→ Exercise goal: An exact copy of all the entries is needed, with no images in it.

→ Source material:
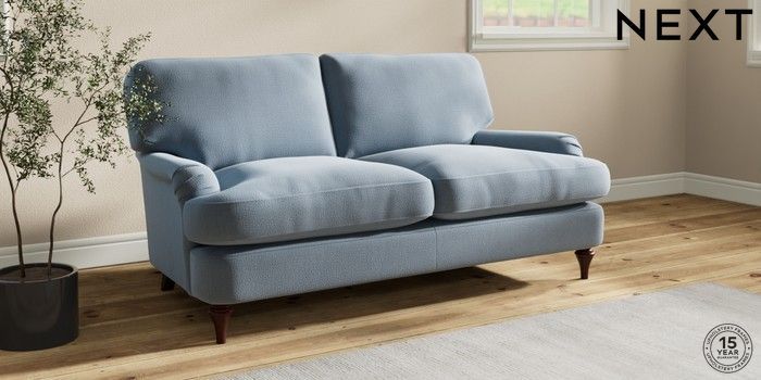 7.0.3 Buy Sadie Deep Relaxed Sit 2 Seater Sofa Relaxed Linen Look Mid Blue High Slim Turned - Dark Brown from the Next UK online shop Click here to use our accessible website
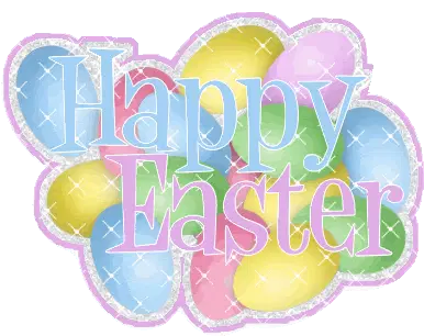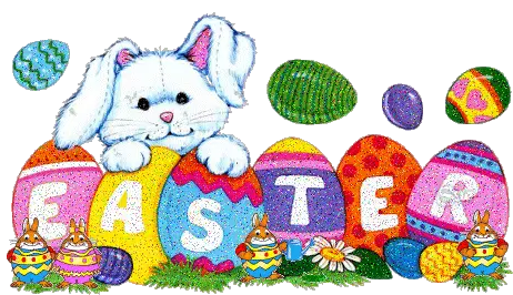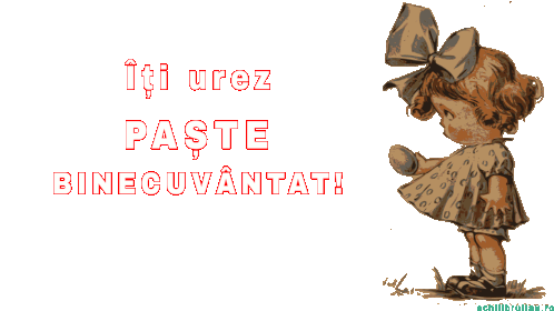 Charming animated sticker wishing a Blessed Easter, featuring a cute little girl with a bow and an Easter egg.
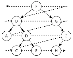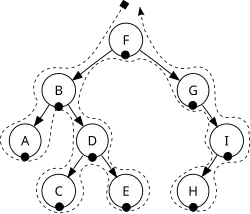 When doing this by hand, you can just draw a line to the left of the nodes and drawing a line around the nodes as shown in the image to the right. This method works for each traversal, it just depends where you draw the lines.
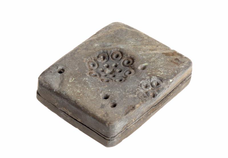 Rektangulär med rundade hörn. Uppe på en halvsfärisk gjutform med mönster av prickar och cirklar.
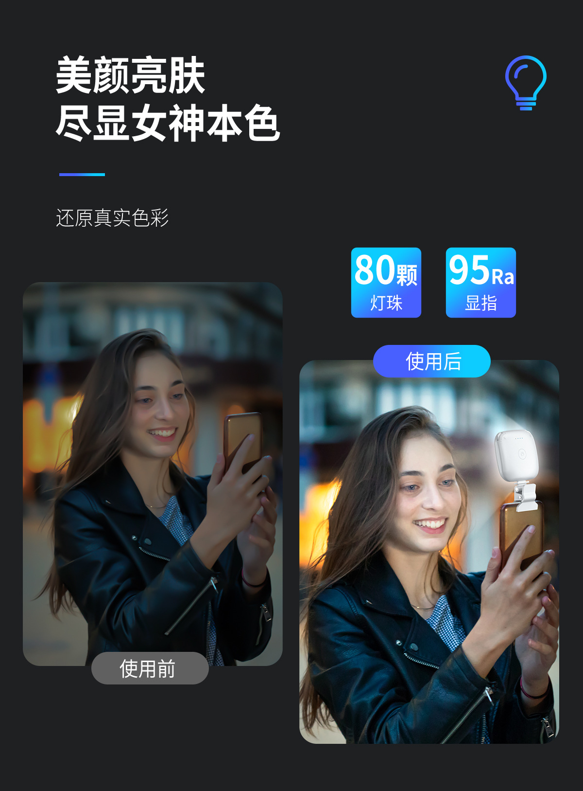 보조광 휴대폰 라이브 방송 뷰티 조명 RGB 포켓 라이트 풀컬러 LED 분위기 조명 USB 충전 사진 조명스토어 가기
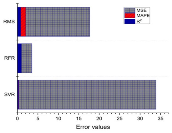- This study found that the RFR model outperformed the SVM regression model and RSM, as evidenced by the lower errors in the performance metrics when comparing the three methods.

→ Task response:
 7.0.3 Buy Sadie Deep Relaxed Sit 2 Seater Sofa Relaxed Linen Look Mid Blue High Slim Turned - Dark Brown from the Next UK online shop Click here to use our accessible website
 Charming animated sticker wishing a Blessed Easter, featuring a cute little girl with a bow and an Easter egg.
 When doing this by hand, you can just draw a line to the left of the nodes and drawing a line around the nodes as shown in the image to the right. This method works for each traversal, it just depends where you draw the lines.
 Rektangulär med rundade hörn. Uppe på en halvsfärisk gjutform med mönster av prickar och cirklar.
 보조광 휴대폰 라이브 방송 뷰티 조명 RGB 포켓 라이트 풀컬러 LED 분위기 조명 USB 충전 사진 조명스토어 가기
- This study found that the RFR model outperformed the SVM regression model and RSM, as evidenced by the lower errors in the performance metrics when comparing the three methods.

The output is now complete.